Occasionally Observed Piecewise-deterministic Markov Processes
Marissa Gee, Alexander Vladimirsky
TL;DR
This paper addresses optimal control of PDMPs when mode switches are unobserved and mode observations are infrequent. It (i) formulates PDE-based optimal-control problems (HJB and QVI) for finite, infinite, and indefinite horizons under various observation schemes, and (ii) introduces a reduced-belief approach that remains tractable when switching rates are constant, yielding linear-in-$M$ complexity. The framework is demonstrated on surveillance-evading path planning and Mars rover navigation, showing how infrequent observations and mode transitions shape trajectories and observation strategies. The results provide a practical method for planning under intermittent mode information with broad potential applications in security, robotics, and autonomous navigation, and point to extensions into Stackelberg security games and more general switching dynamics.
Abstract
Piecewise-deterministic Markov processes (PDMPs) are often used to model abrupt changes in the global environment or capabilities of a controlled system. This is typically done by considering a set of "operating modes" (each with its own system dynamics and performance metrics) and assuming that the mode can switch stochastically while the system state evolves. Such models have a broad range of applications in engineering, economics, manufacturing, robotics, and biological sciences. Here, we introduce and analyze an "occasionally observed" version of mode-switching PDMPs.

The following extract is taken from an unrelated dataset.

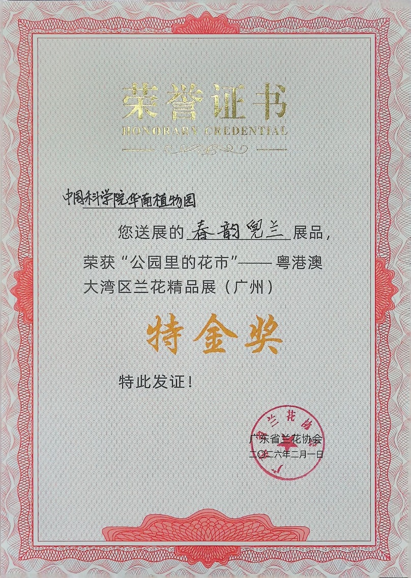 活动中千余个品种的兰花在兰圃竞秀,400多个品种参与花卉精品评奖,华南植物园曾宋君研究员团队育成的兜兰新品牌共获得5个大奖,其中春韵兜兰获得最高奖特金奖,至尊兜兰获得金奖。

We show how such systems can be controlled optimally if the planner is not alerted to mode-switches as they occur but may instead have access to infrequent mode observations. We first develop a general framework for handling this through dynamic programming on a higher-dimensional mode-belief space. While quite general, this method is rarely practical due to the curse of dimensionality. We then discuss assumptions that allow for solving the same problem much more efficiently, with the computational costs growing linearly (rather than exponentially) with the number of modes. We use this approach to derive Hamilton-Jacobi-Bellman PDEs and quasi-variational inequalities encoding the optimal behavior for a variety of planning horizons (fixed, infinite, indefinite, random) and mode-observation schemes (at fixed times or on-demand). We discuss the computational challenges associated with each version and illustrate the resulting methods on test problems from surveillance-evading path planning. We also include an example based on robotic navigation: a Mars rover that minimizes the expected time to target while accounting for the possibility of unobserved/incremental damages and dynamics-altering breakdowns.